**DATA:**
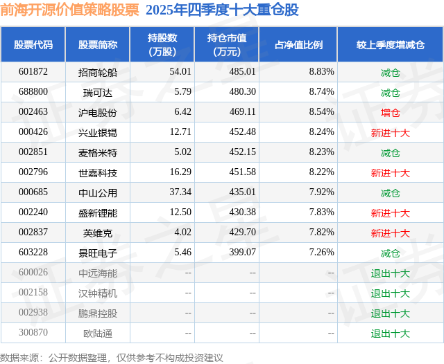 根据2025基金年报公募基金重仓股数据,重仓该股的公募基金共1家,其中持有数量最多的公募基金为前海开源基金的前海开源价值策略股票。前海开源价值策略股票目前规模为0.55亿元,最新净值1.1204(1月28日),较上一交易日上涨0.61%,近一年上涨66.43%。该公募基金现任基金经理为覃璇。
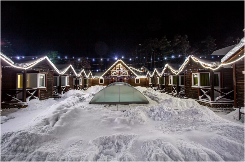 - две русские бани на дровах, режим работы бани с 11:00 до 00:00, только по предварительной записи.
...
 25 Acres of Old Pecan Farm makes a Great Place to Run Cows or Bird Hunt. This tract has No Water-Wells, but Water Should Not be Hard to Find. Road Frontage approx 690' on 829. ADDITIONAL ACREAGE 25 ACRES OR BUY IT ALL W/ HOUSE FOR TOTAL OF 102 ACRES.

**WORK REQUEST:**
Pictures in the entries do not go into the copy. Print only the lines starting at the one containing "根据2025基金年报公募基金" and ending at the one containing "- две русские", exactly as they appear.

**RESPONSE BELOW:**
 根据2025基金年报公募基金重仓股数据,重仓该股的公募基金共1家,其中持有数量最多的公募基金为前海开源基金的前海开源价值策略股票。前海开源价值策略股票目前规模为0.55亿元,最新净值1.1204(1月28日),较上一交易日上涨0.61%,近一年上涨66.43%。该公募基金现任基金经理为覃璇。
 - две русские бани на дровах, режим работы бани с 11:00 до 00:00, только по предварительной записи.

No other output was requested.